(Beginning of Working data)
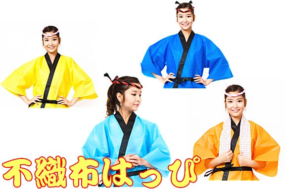 不織布はっぴはイベントや余興、文化祭、展示会・等には大変好評です。くり返しご使用する事も出来ます。低価格でご利用しやすいと思います。素材は、不織布ですから布製やサテン生地に比べますと少しバりとした感じです。汚れましたら軽く手洗いして下さい。大事にご使用すればくり返し何回もご使用頂けます。多少の撥水効果もございます。アイロンは使用出来ませんのでご注意下さい。
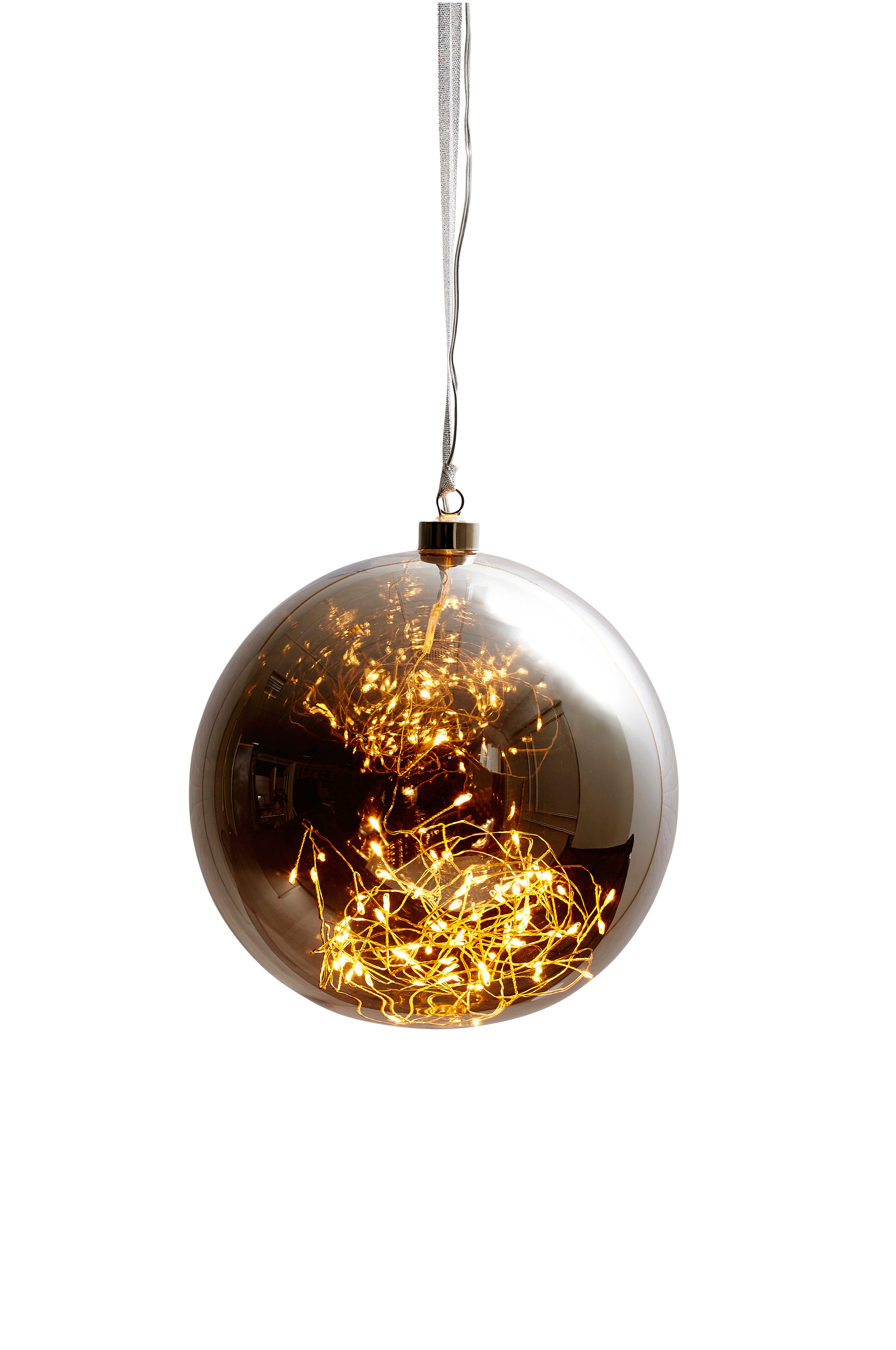 Glaskula med dew dropsslinga. 20 cm. Slingan har 80 LED ljuskällor. En mycket fin glasdekoration som ger ett vackert sken och kan hängas fritt i hemmets alla rum.
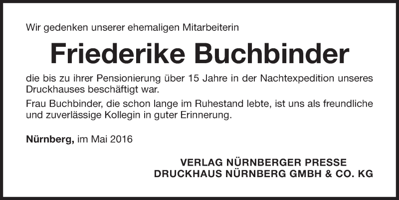 Hier finden Sie alle Traueranzeigen aus der Zeitung, die bisher für Friederike Buchbinder erschienen sind. Weitere Traueranzeigen, die in der Zeitung erscheinen, werden hier ebenfalls aufgelistet
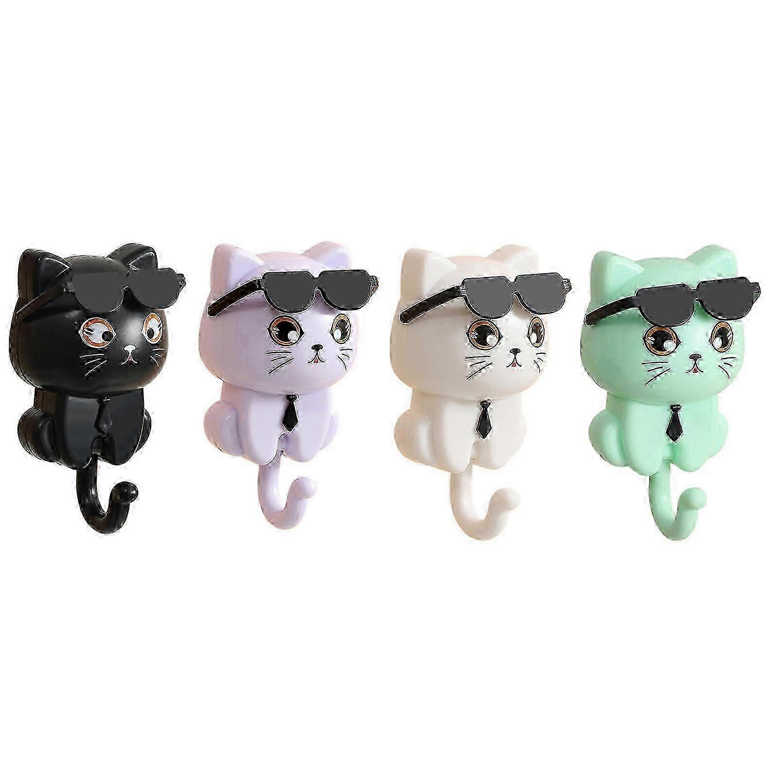 Creative Cartoon Cat in Sunglasses Gravity Hook - Adhesive Coat Hooks & Key Holder for Wall Decor and Fun Storage Solution
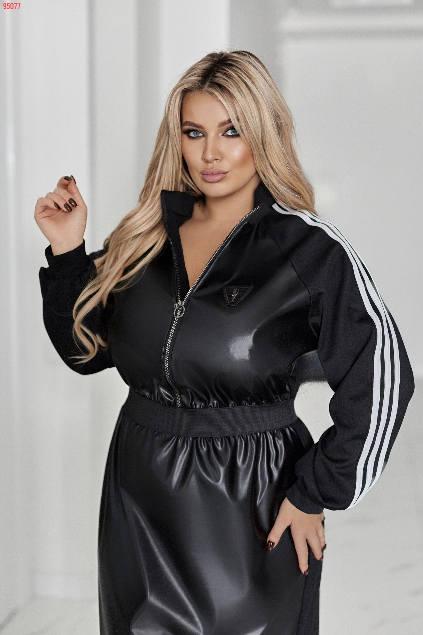 ■ Сукня у спортивному стилі з ефектом двох матеріалів.
(End of Working data)
Leave out every picture, and copy exactly the lines above starting at the one holding "Glaskula med dew" and ending at the one holding "Hier finden Sie", no more and no less.

* Result of the exercise:
 Glaskula med dew dropsslinga. 20 cm. Slingan har 80 LED ljuskällor. En mycket fin glasdekoration som ger ett vackert sken och kan hängas fritt i hemmets alla rum.
 Hier finden Sie alle Traueranzeigen aus der Zeitung, die bisher für Friederike Buchbinder erschienen sind. Weitere Traueranzeigen, die in der Zeitung erscheinen, werden hier ebenfalls aufgelistet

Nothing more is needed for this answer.